Some antibody isotypes were detectable in less than 50% of the individuals, so antibody data was initially analysed as binary variables dichotomised according to whether the antibody was detectable or not. Subsequent analyses with the levels treated as quantitative variables were found to be more informative and are therefore presented, with results from both approaches consistent. Since the data was not normally distributed, non parametric statistical tests were used, except when comparing the boosts in antibody data that approached a normal distribution, when regression analysis was applied.

The analysis of schistosome antigen-specific antibodies had three main objectives:

1. To examine effect of pregnancy on antibody levels. Among the placebo group, antibody levels at enrolment and six weeks post-enrolment were compared with antibody levels at six weeks after delivery using Wilcoxon signed rank test.

2. To assess the effect of praziquantel treatment during pregnancy. First, within the group treated during pregnancy, antibody levels before and after praziquantel treatment were compared using Wilcoxon signed rank test. Then, levels at six weeks post-enrolment were compared between the placebo and praziquantel groups using Wilcoxon rank sum (Mann-Whitney) test.
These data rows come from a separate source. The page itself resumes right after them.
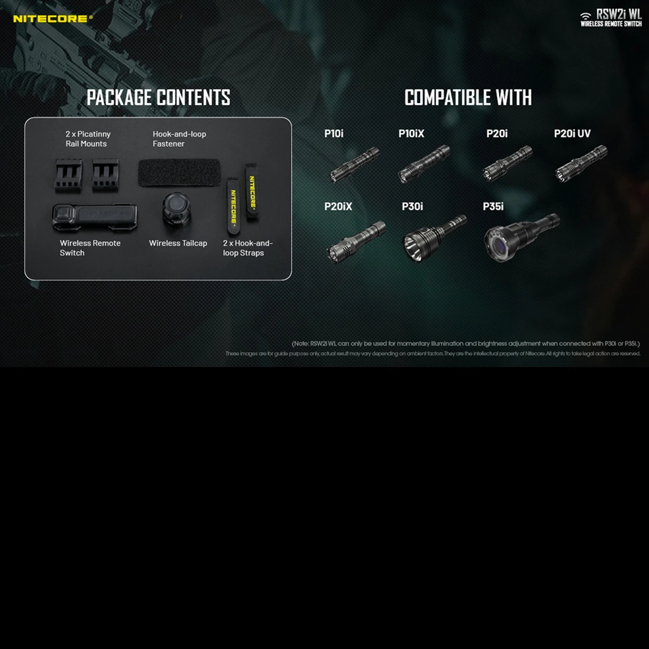 The Nitecore RSW2i WL is a wireless remote switch that is specifically designed for the Nitecore i series of torches which include the P10i, P10iX, P20i, P20i UV, P20iX, P30i and P35i.
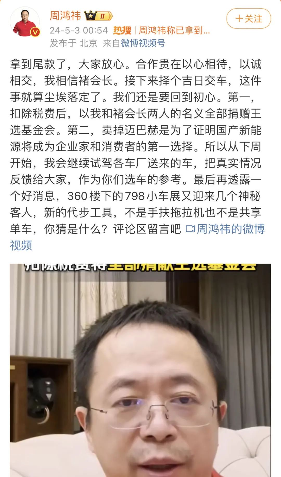 周鸿祎凌晨发视频表示,迈巴赫尾款已经拿到了,扣除税费将全部捐献给王选基金会。他表示,将择日举办交接仪式。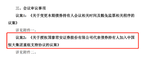 在2022年,国泰君安就曾主持召开了两次债券持有人会议。4月21日,“15恒大03”又公告,将于本月26日召开持有人会议,审议授权国泰君安代表债券持有人,加入中国恒大集团重组支持协议等议案。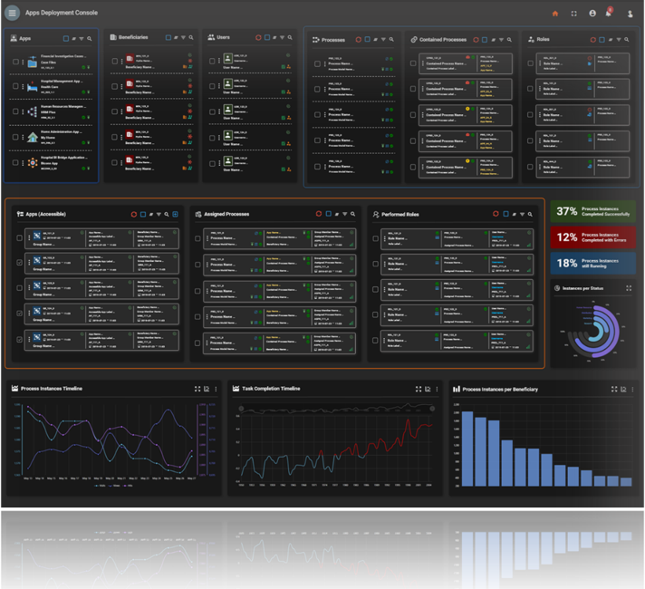Primordia incorporates an advanced Apps Deployment Dashboard through which this complexity is totally simplified. As soon as they are published for testing, user acceptance or production, app releases are deployed to beneficiary groups, but their processes (micro-apps and workflows) get assigned to individual beneficiaries. Thus, within the same app release, one beneficiary may have access to the same or different processes compared to other members of the respective group. In order for assigned processes to be accessible by end-users, the involved roles per category (performer, participant, supervisor) must be appointed to them. This way, one user may have different privilege on the same process compared to other users of the same beneficiary. Those assignments can be easily granted, activated, reconfigured, terminated, suspended or reactivated when necessary, in individual or group level, with just one click.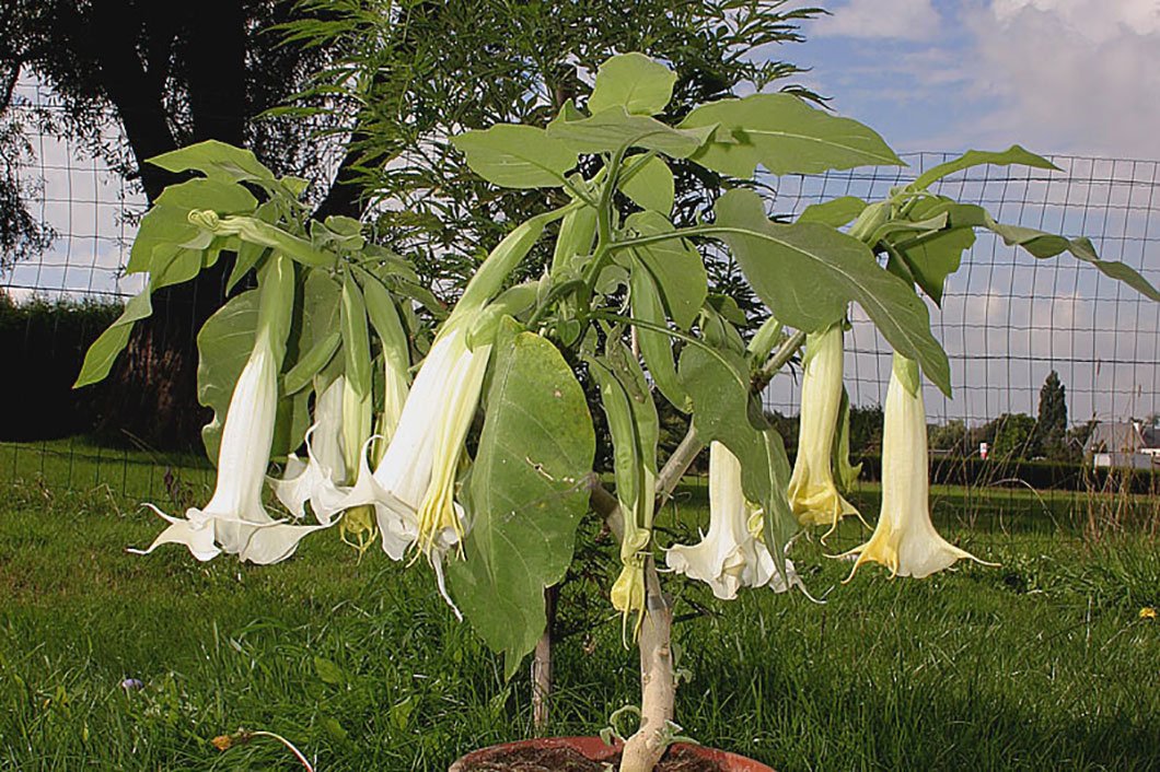 Les brugmansias, ou également appelés les trompettes d’anges, sont de très belles plantes avec des fleurs en forme de cloche. Les brugmansias sont appréciés en tant que plantes décoratives dans les jardins en raison de leurs fleurs élégantes. Le problème, c’est que toutes les parties de cette plante contiennent des niveaux dangereux de poison et peuvent être fatales si elles sont ingérées par l’homme ou les animaux. Les trompettes d’ange ont parfois été utilisées pour créer une drogue à usage récréatif, mais le risque de surdose est si élevé que ces utilisations ont souvent des conséquences mortelles.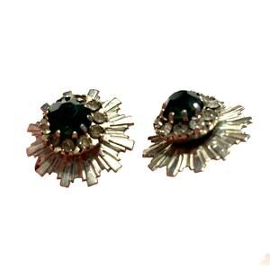 Vintage screw back earrings textured silvertone metal settings & deep green rhinestone center stones. No hallmarks - nice quality fashion jewelry - fantastic mid century look. In excellent condition - minor surface wear - no apparent damage or flaws - just stunning!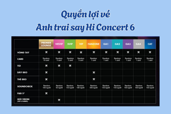 Minh họa chi tiết quyền lợi và đặc quyền của từng hạng vé khi mua vé Concert Anh Trai Say HiMinh họa chi tiết quyền lợi và đặc quyền của từng hạng vé khi mua vé Concert Anh Trai Say Hi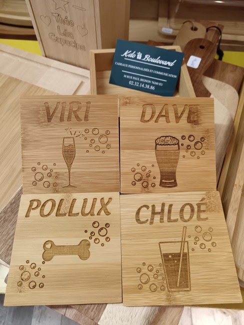 Dessous de verre en bambou personnalisables – Gravure prénom ou texte – Cadeau original et écologique
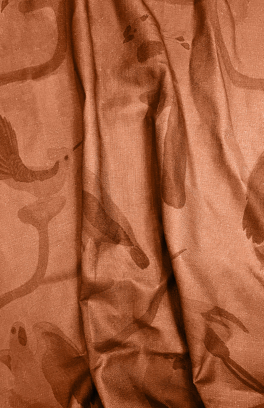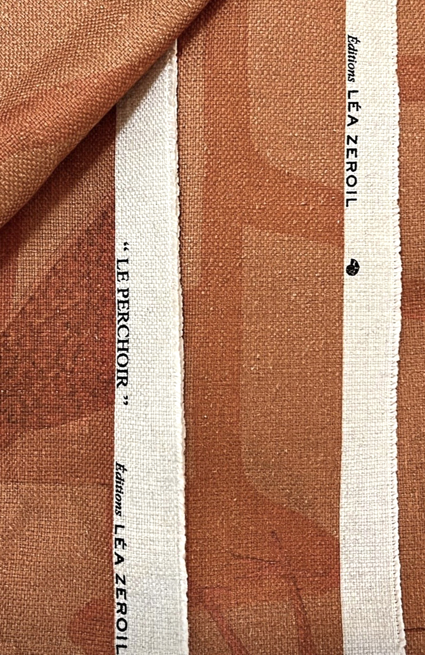 Création et développement du tissu « Le Perchoir » édité par Léa Zeroil. Dessin peint à l’aquarelle, coloration et choix du support en collaboration avec la designeuse. Grand raccord sauté, imprimé en Italie sur natté viscose/lin.

3. To examine the influence of pregnancy on the praziquantel-induced boost in antibody levels at six weeks post-treatment. Initially the influence of infection intensity at enrolment and pre-treatment antibody levels on the boost in the antibody levels were explored using spearman's correlation analysis. The change (boost) in antibody levels during pregnancy among women first treated during pregnancy was compared with the change after delivery among women first treated after delivery using linear regression based on log10(antibody concentration+1).

Results

Between November 2003 and November 2005, 2208 women were recruited to the larger cohort of whom 387 (17.5%) had stool samples positive for Schistosoma mansoni; of these 186 women received praziquantel and 201 women received placebo. Due to some participants missing scheduled appointments or insufficient amounts of plasma samples to repeat failed antibody assays the numbers analysed for particular time points varied (figure 1). Characteristics of the women at enrolment, including intensity of schistosome infection, levels of antibodies against schistosome antigens and prevalence of co-infections such as hookworm, P. falciparum and HIV, were similar among the praziquantel and placebo groups (additional file 1). Except for S. mansoni infection intensity, none of these factors was associated with schistosome antigen-specific antibody levels at enrolment (data not shown). There were positive correlations between S. mansoni infection intensity and levels of IgG1 (p < 0.001), IgG2 (p = 0.01), IgG4 (p < 0.001) and IgE (p < 0.001) against SWA and IgG4 against SEA while there were negative correlations between S. mansoni infection intensity and levels of IgG1 (p = 0.005) IgG2 (p < 0.001) and IgG3 (p = 0.005) against SEA.

Figure 1
figure 1

Flow diagram showing the scheduled time points of the study and samples assessed at the respective time points. *Women who missed attending or providing samples at some time points were allowed to participate at subsequent follow-up time points.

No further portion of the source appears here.